Brief Peripheral Neuropathy Screen (BPNS) yang dikembangkan oleh AIDS Clinical Trials
Group (ACTG) merupakan instrumen sederhana dan mudah digunakan untuk skrining neuropati.
BPNS terdiri dari 3 keluhan subjektif dan 2 temuan objektif pemeriksaan neurologi, yaitu. adanya
sensasi nyeri atau rasa terbakar di tungkai dan kaki, parastesi di tungkai dan kaki dan sensasi baal
dan tebal di tungkai dan kaki dan adanya gangguan sensasi vibrasi pada distal ibu jari kaki dan
maleolus dan penurunan refleks achiles.
Pada neuropati HIV pemeriksaan elektroneurografi sering kali menunjukkan gambaran patologi
pada serabut saraf besar berupa penurunan amplitudo disertai dengan penurunan KHS (kecepatan
hantar saraf) saraf sensorik atau sensory nerve action potential (SNAP). Walaupun demikian perlu
diingat bahwa pemeriksaan elektroneurografi tidak selalu memperlihatkan kelainan bila patologi
utama hanya pada serabut saraf kecil. Pemeriksaan Stimulated Skin Wrinkling (SSW) merupakan
pemeriksaan sederhana yang melihat adanya vasokonstriksi di kulit, akibat perangsangan serabut
saraf simpatis post-ganglion. Pemeriksaan ini memperlihatkan proses patologi pada serabut saraf
kecil memiliki korelasi terhadap penurunan densitas serabut saraf intraepidermal yang banyak
dijumpai pada neuropati HIV.
Hasil biopsi kulit dan saraf sebagai standar baku emas diagnosis neuropati dapat menunjukkan
adanya penurunan densitas serabut saraf bebas dan edema terminal saraf. Derajat kerusakan saraf
berkorelasi dengan nyeri neuropatik yang muncul. Biopsi saraf lebih jarang dikerjakan karena lebih
invasif, namun perlu dipikirkan pada pasien dengan manifestasi neuropati yang atipikal, progresif,
dan predominan saraf motorik.
e. Terapi
Sebagian besar kasus PSD pada HIV bersifat subklinis, namun adanya keluhan nyeri akan
menimbulkan masalah yaitu dapat mempengaruhi kualitas hidup dan mengaruhi adherence terhadap
pengobatan ARV.1 Terapi yang dipilih pada PSD HIV umunya terapi simtomatik untuk mengatasi
nyeri neuropatik yang dialami pasien. Obat yang sering digunakan antara lain gabapentin,
pregabalin, dan lamotrigin.2 Adjuvan nyeri berupa antidepresan juga sering ditambahkan, seperti
amitriptilin atau duloksetin. Namun hingga saat ini, nyeri neuropatik yang muncul pada HIV sangat
sulit diatasi. Masih dikembangkan berbagai uji klinik untuk mengatasi nyeri pada PSD HIV. Tiga
jenis pengobatan yang memperlihatkan efektivitas dalam uji klinik adalah capsaicin topikal,
cannabis and preparat Nerve Growth Factor.1
2. HIV-Associated Neurocognitive Disorders (HAND)

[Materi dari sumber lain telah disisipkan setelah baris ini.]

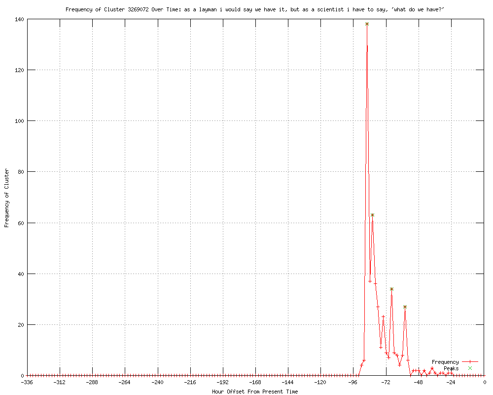 | 15 | as a layman i would say we have it, but as a scientist i have to say, 'what do we have?' Urls http://my.news.yahoo.com/crunch-time-looms-quest-god-particle-034321104.html http://rawstory.com/rs/2012/07/04/higgs-like-particle-found-in-milestone-for-mankind/ http://nwotruth.com/higgs-like-particle-found-in-milestone-for-mankind/ http://abs-cbnnews.com/global-filipino/world/07/04/12/god-particle-discovery-milestone-mankind http://timesofindia.indiatimes.com/home/science/God-particle-We-have-reached-a-milestone-in-our-understanding-of-nature-scientists-say/articleshow/14676020.cms http://da.feedsportal.com/c/33039/f/555218/s/be5a089/l/0Ltimesofindia0Bindiatimes0N0Chome0Cscience0CGod0Eparticle0EWe0Ehave0Ereached0Ea0Emilestone0Ein0Eour0Eunderstanding0Eof0Enature0Escientists0Esay0Carticleshow0C146760A20A0Bcms/ia1.htm http://evans-politics.com/higgs-like-god-particle-found-by-cern-scientists.html http://redicecreations.com/article.php?id=20573 http://gulf-times.com//site/topics/article.asp?cu_no=2&item_no=516853&version=1&template_id=57&parent_id=56 http://news4u.co.in/2012/07/god-particle-we-have-reached-a-milestone-in-our-understanding-of-nature-scientists-say/ http://thefinancialexpress-bd.com/more.php?news_id=135634&date=2012-07-05 http://arabtimesonline.com/RSS/tabid/69/smid/414/ArticleID/185243/Default.aspx http://veggieboards.com/t/136383/higgs-boson-hunt-over-cern-scientists-at-large-hadron-collider-find-god-particle http://arabtimesonline.com/NewsDetails/tabid/96/smid/414/ArticleID/185243/reftab/69/Default.aspx http://technology.inquirer.net/13361/higgs-like-particle-found-in-milestone-for-mankind |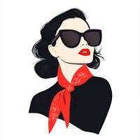 De foto toont een gestileerde vrouw met glamoureuze charme. Haar oversized zonnebril en felrode lipkleur geven haar een onmiskenbare uitstraling. De felrode sjaal voegt een levendig accent toe en contrasteert harmonieus met haar elegante, donkere outfit. Haar vrolijke glimlach straalt zelfvertrouwen en stijl uit.

Salah satu komplikasi HIV yang sering ditemui ialah gangguan kognitif. Meskipun pemberian obat
antiretroviral (ARV) sudah menurunkan angka gangguan kognitif yang progresif dan berat, namun studi
di seluruh dunia masih menunjukkan rendahnya performa kognitif pasien HIV bila diperiksa dengan
instrumen neurokognitif. Faktor yang berkontribusi adalah toksisitas direk HIV ke sistem saraf pusat,
adanya kondisi komorbid seperti infeksi oportunistik SSP, toksisitas ARV, serta diperkirakan adanya
proses inflamasi yang juga berkorelasi dengan kejadian gangguan kognitif.1
HAND merupakan kasus yang sangat sering dengan ditandai kelainan kognisi, motor sentral dan
gangguan perilaku. Beberapa nama yang sering pakai dalam kasus ini anatara AIDS dementia Complex,
HIV associated Dementia dan lainnya.3
Prevalensi demensia pada penderita HIV pada masa sebelum HAART (highly active anti retroviral
therapy) adalah 20-30%, dan angka ini turun 50% setelah HAART secara luas digunakan. Demensia
HIV adalah sindrom klinis yang ditandai dengan gangguan kognitif dan motoric yang menyebabkan
hambatan menjalankan aktivitas hidup sehari-hari.2
Tahun 2006, APNAC study (the Asia Pacific NeuroAIDS Consortium) melakukan penelitian
potong lintang di Asia Pasifik untuk mengetahui prevalensi gangguan kognitif. Di Indonesia didapatkan
7 dari 61 pasien HIV yang dianalisis mengalami gangguan kognitif.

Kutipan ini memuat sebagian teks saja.